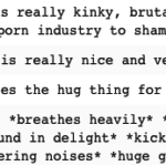 Policing fic content is a slippery slope. Even if you only police the “worst” stuff, you create an environment where the more sensitive authors and no few of the ones “shipping to cope” are no longer comfortable posting at all. Attacking people for posting fic about rape/abuse/etc. is demanding that all survivors disclose. No amount of whining and backtracking will change this fact. It is a disgusting behavior that drives people from your fandoms and creates needless misery while adding nothing of value to the community.
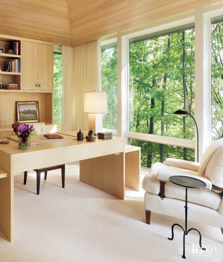 We guess if you live in a lake house, you’re going to have to do some work at some point. It might as well be in a room where half the walls are actually windows so you feel like you’re in a treehouse.
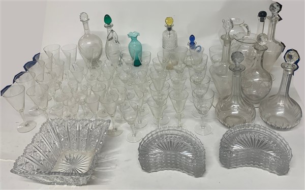 Lotto di tre cartoni contenenti numerosi bicchieri, bottiglie in cristallo e antipastiere di manifatture differenti (difetti)
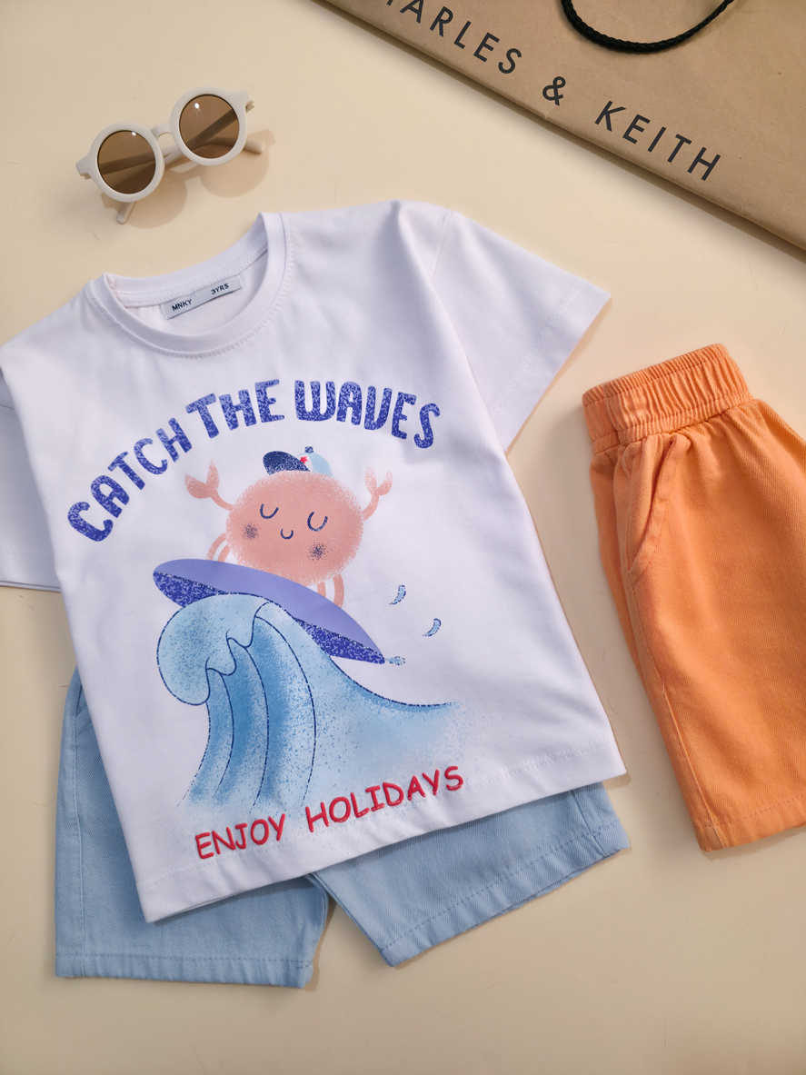تیشرت تک برند مانکی طرح موج- سایز 3تا6
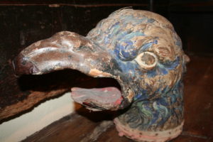 Els caps de les àligues, eren de fusta massissa i si no estaven coberts de pell, estaven pintats, com el de l’Àliga de Cervera, de 1738 tot i que està documentada el 1423, que a banda de tenir tons blaus, també estava daurat.
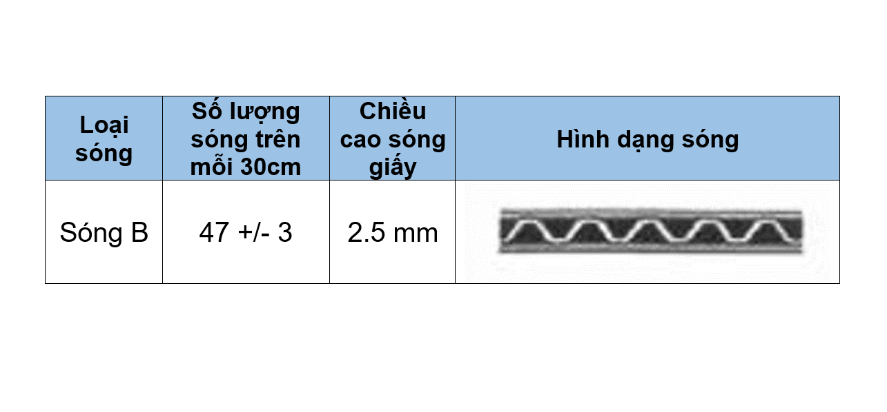 + Lớp sóng B: lớp giấy thường được sản xuất và gấp nếp tạo hình sóng, chiều cao khoảng 2.5 mm, tần số sóng trên 30 cm là 47 sóng, sai số trong 3 sóng. Carton sóng B sẽ giữ vai trò chịu lực tác động đâm xuyên cho giấy carton 2 lớp. Độ dày của lớp sóng B không lớn nhưng tùy thuộc vào mục đích mà sử dụng nó một cách tốt nhất
···
» **WORK REQUEST**:
Nothing but the lines above, starting at the line that contains "Lotto di tre" and ending at the line that contains "Els caps de", should be given again, exactly and without the pictures.

» **SOLUTION TO THIS TASK**:
 Lotto di tre cartoni contenenti numerosi bicchieri, bottiglie in cristallo e antipastiere di manifatture differenti (difetti)
تیشرت تک برند مانکی طرح موج- سایز 3تا6
 Els caps de les àligues, eren de fusta massissa i si no estaven coberts de pell, estaven pintats, com el de l’Àliga de Cervera, de 1738 tot i que està documentada el 1423, que a banda de tenir tons blaus, també estava daurat.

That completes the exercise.